The Center for Constitutional Rights and the ACLU of Arkansas have announced that they intend to challenge the law, which they call "clearly unconstitutional under four decades of U.S. Supreme Court precedent" and which would not take effect until 90 days after the legislative session ends, in federal court. "Attempts such as this to turn back the clock on reproductive rights will not stand," said Nancy Northup, president and CEO at the Center for Reproductive Rights, in a statement.

James Bopp Jr., the Indiana-based general counsel of National Right to Life, told The New York Times the Arkansas law was pointless, because so likely to be overturned. "As much as we would like to protect the unborn at that point, it is futile and it won't save any babies," he said.

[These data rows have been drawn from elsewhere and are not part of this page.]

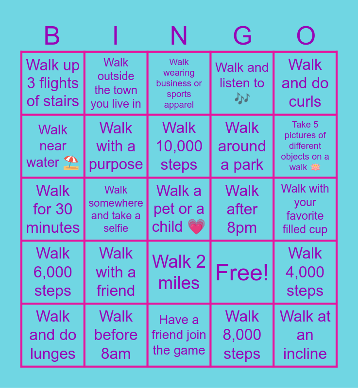 This bingo card has 25 words: Walk with a friend, Have a friend join the game, Walk 10,000 steps, Walk and do lunges, Walk and do curls, Walk up 3 flights of stairs, Walk near water ⛱️, Walk outside the town you live in, Walk after 8pm, Walk 2 miles, Walk around a park, Walk for 30 minutes, Free!, Walk 4,000 steps, Walk with a purpose, Walk at an incline, Walk with your favorite filled cup, Walk wearing business or sports apparel, Take 5 pictures of different objects on a walk 🪷, Walk somewhere and take a selfie, Walk a pet or a child 💗, Walk before 8am, Walk 6,000 steps, Walk and listen to 🎶 and Walk 8,000 steps.
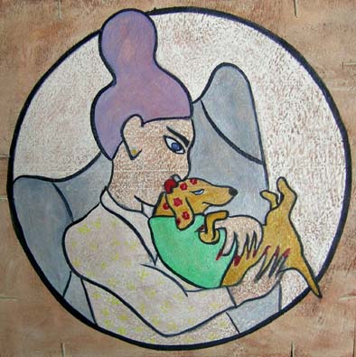 „Schmatz “; Mischtechnik auf Sperrholz; 16 x 16cm; 2007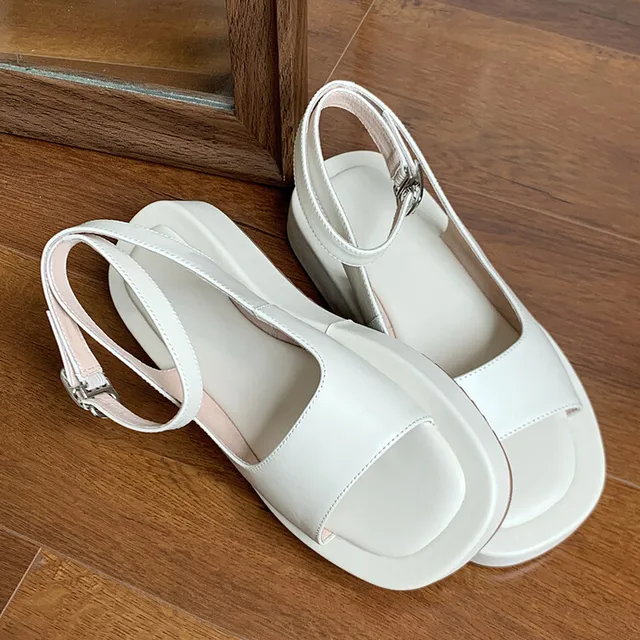 Elevate your summer look with the Lucy Women's Leather Sandals by Footens Shoes. Made with genuine leather and a TPR outsole. these sandals provide comfort and durability. The buckle strap closure ensures a secure fit while the open side vamp adds a touch of style. Perfect for any occasion. these sandals are a must-have for any wardrobe.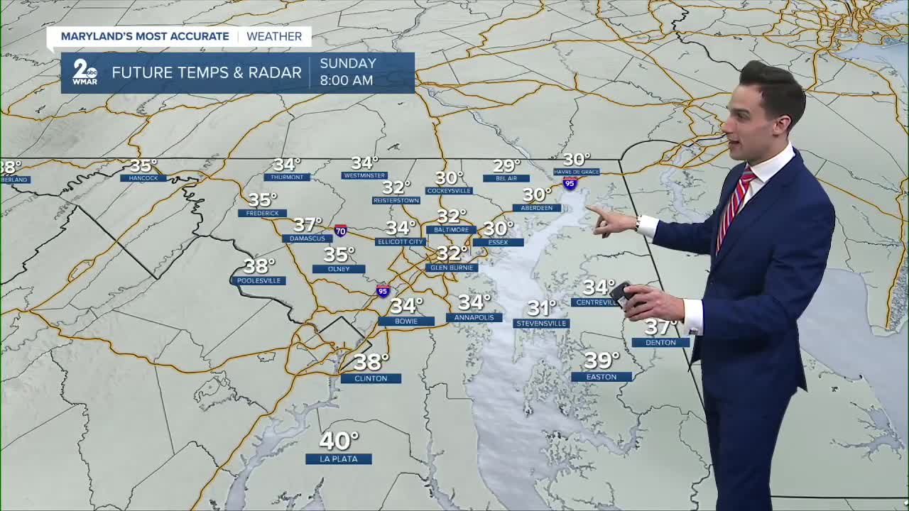 Overnight, a few snowflakes may mix in—mainly across northern parts of the state—but little to no accumulation is expected.
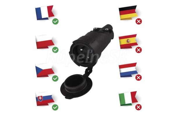 Všeobecný opis: Gumová zásuvka pre pohyblivé prívody, odolná voči striekajúcej vode, je určená na výrobu predlžovacích prívodov alebo ako náhradný diel. Vhodná pre maximálne zaťaženie 16 A max. Popis: V súčasnosti sa nachádza na území Slovenskej republiky: produkt: gumová zásuvka pre pohyblivú zásuvku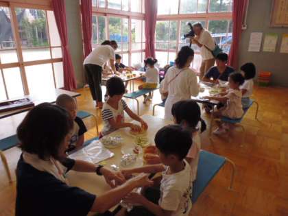 ロールパンに炒めたキャベツとウィンナーをはさんで、アルミホイルで包みます。牛乳パックに2個入れて、終わり。園庭で1つずつ並べ、パックの口に着火。どんどん燃えてきます。「おいしくなあれ、おいしくなあれ」掛け声とともに完成に近づきます。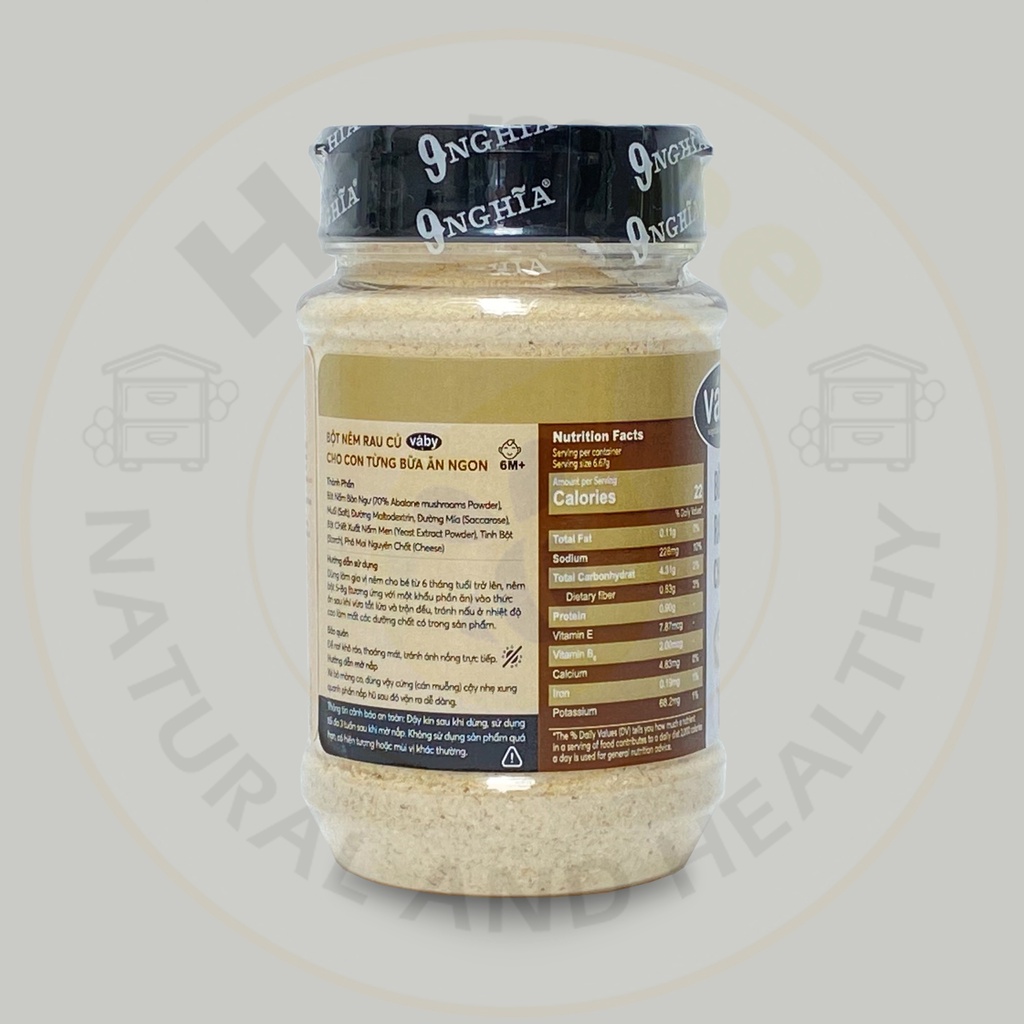 Bột nêm Nấm Bào Ngư & Phô Mai dành cho bé ăn dặm VABY hủ 90g - Gia vị nêm và rắc dành cho bé từ 6 tháng tuổi | NÔNG TRẠI HOMEE ---------- Bột nêm nấm bào ngư cho bé VABY được làm chủ yếu từ nấm bào ngư làm cho món ăn thơm ngon bổ dưỡng, rất tốt cho hệ tiêu hóa, gan, thận và hệ tim mạch.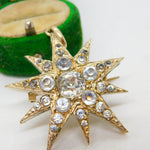 Victorian Sterling Silver Gilt & Paste Set Starburst Drop Pendant Antique c1880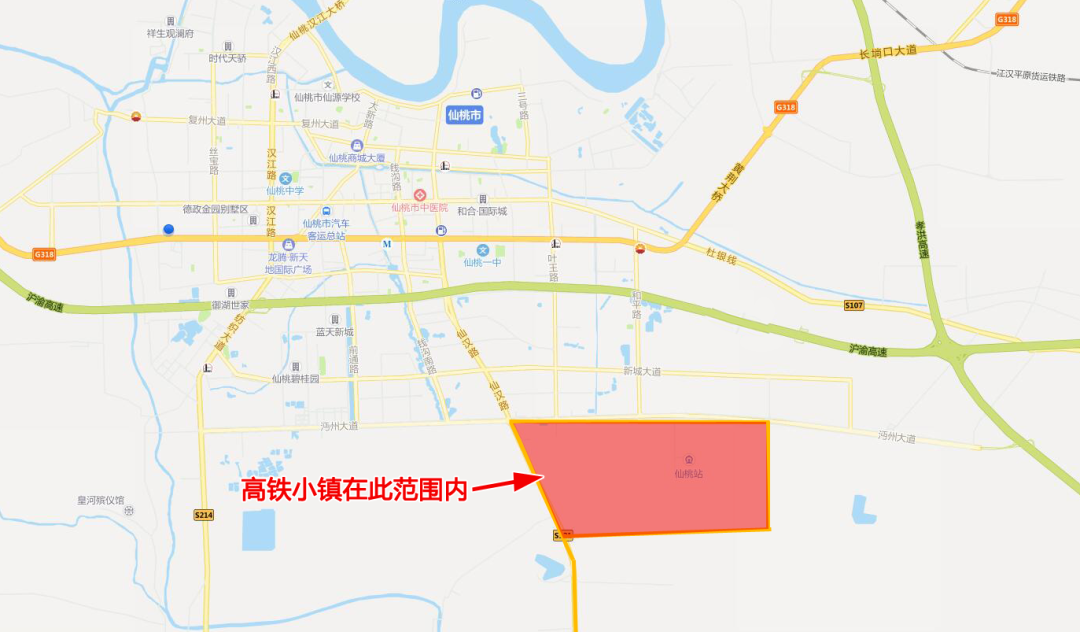 高铁小镇与仙桃城铁站相距较近,大概位置是北至沔州大道,西至彭场大道,南至体操大道,东至纱帽路,用地面积约8.27平方公里。其中以铁路车站为中芯,小镇核芯区范围约2.7平方公里。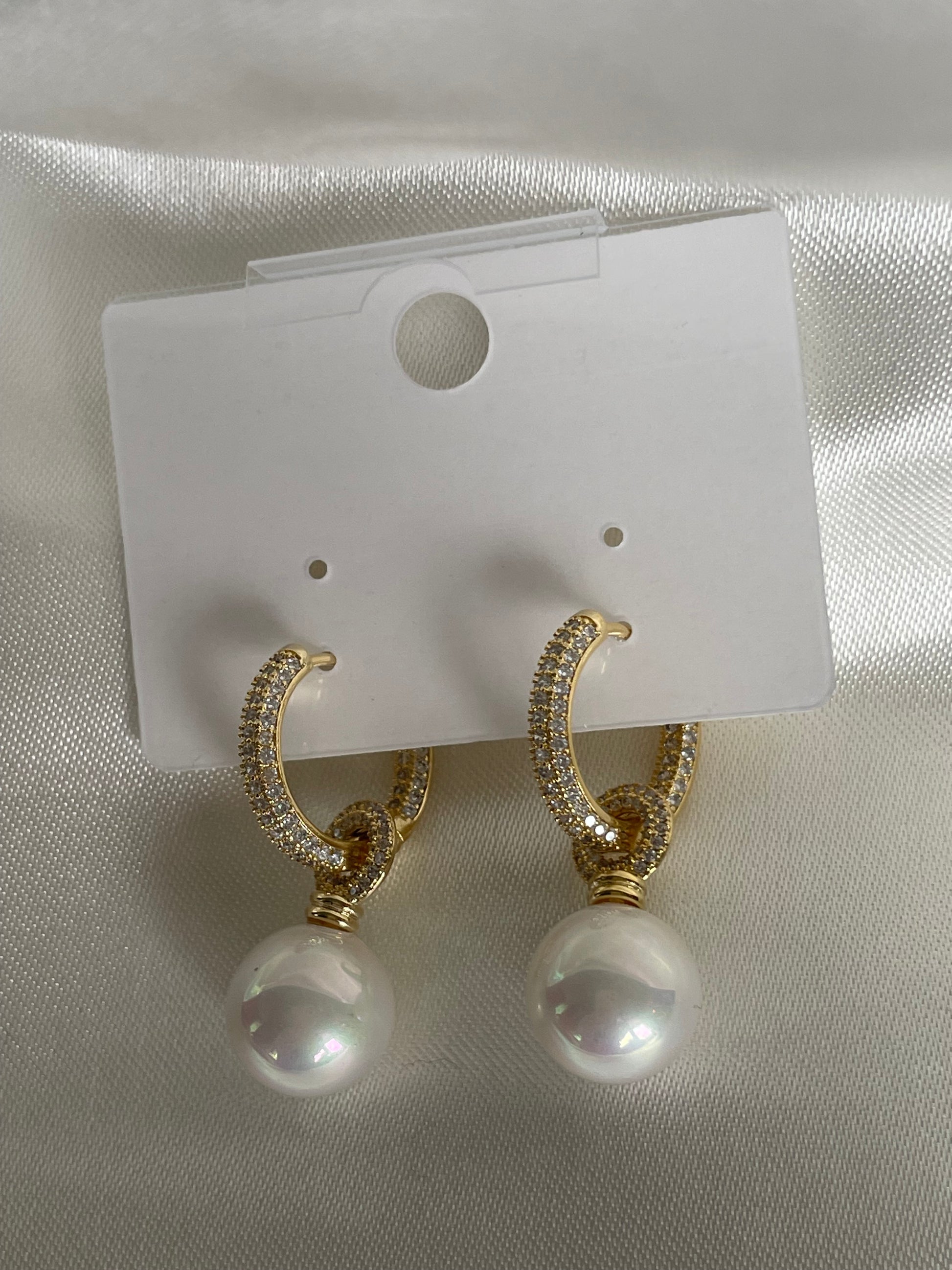 Boucle d’oreille. Avec perle blanche/ nacré pare de strass.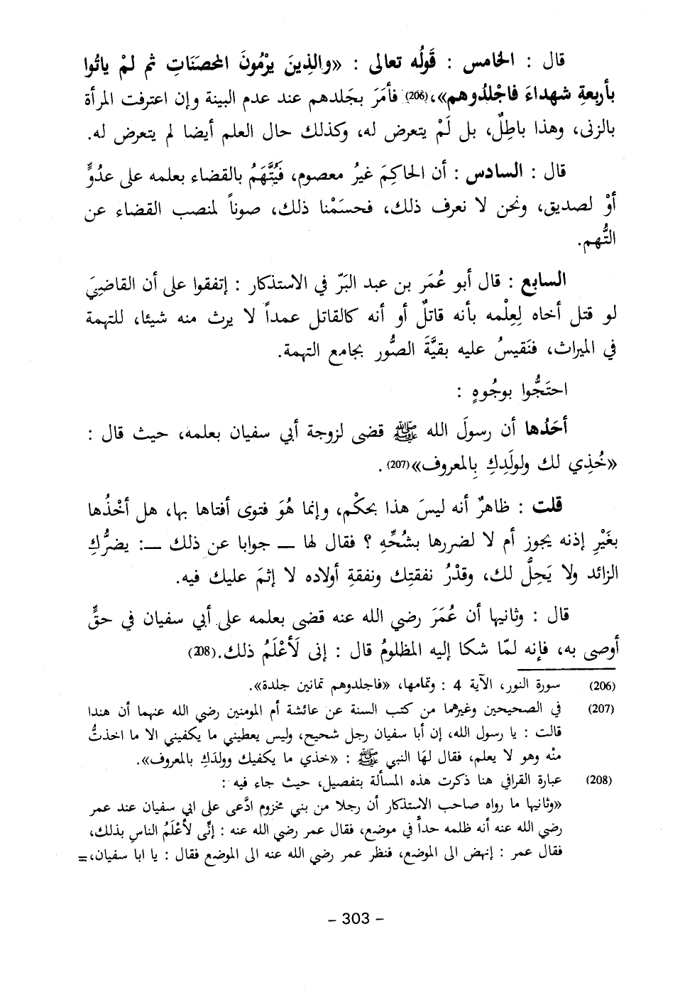 قال: وثانيها أن عُمَرَ رضي الله عنه قضى بعلمه على أبي سفيان في حقٍّ أوصى به، فإنه لمّا شكا إليه المظلومُ قال: إني لَأعْلَمُ ذلك. (٢٠٨)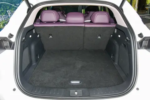 后备箱常规容积445L,能轻松放下3个24寸行李箱+1个背包。后排座椅支持4/6比例放倒,扩展后容积达1385L,装下儿童自行车、露营装备等大件物品没问题。电动尾门支持感应开启(脚踢式),搬东西时很方便,但感应灵敏度偶尔会“抽风”,需要找准角度。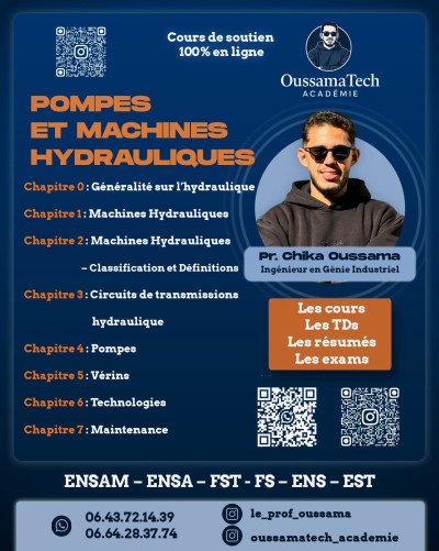 Le module Pompes et Machines Hydrauliques couvre les généralités sur l’hydraulique, l...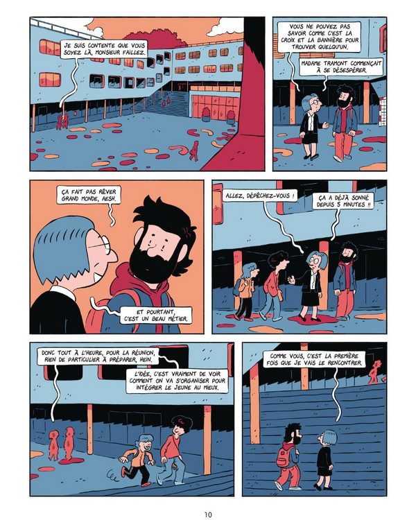 الصعوبات التي يواجهها إيفان في بيئة العمل الجديدة هذه بصفته AESH، تسمح للمؤلف بالتركيز على التحديات التي يواجهها الطلاب في حياتهم اليومية. في الواقع، في اليوم التالي، أجرى إيفان مناقشة جادة مع مدام ترامونت التي اقترحت عليه اتخاذ قرار إذا كان يرغب في الاستمرار في تلبية احتياجات الأطفال.[3] :

In short, America won't be heading in a European direction on abortion regulation any time soon. What Rapert did next after his law passed helps explain why: He submitted a fresh piece of legislation intended to defund Planned Parenthood in Arkansas. In places like Spain, abortion is regulated through a law that situates it within a complicated weighing of the rights of women and of children, and is part of a comprehensive approach to women's reproductive health care that includes contraception. In the United States, the effort to restrict abortion often goes hand-in-hand with uncompromising efforts to restrict contraception and override the rights of women more generally (for example, the right to bodily autonomy by requiring invasive and medically unnecessary pre-abortion transvaginal ultrasounds, which Rapert pushed before they became controversial). There cannot be any grand European-style compromise on abortion in the United States so long as the goal of abortion opponents is to eliminate all access to abortion, rather than to make it, as a wise man once said, safe, legal, and rare.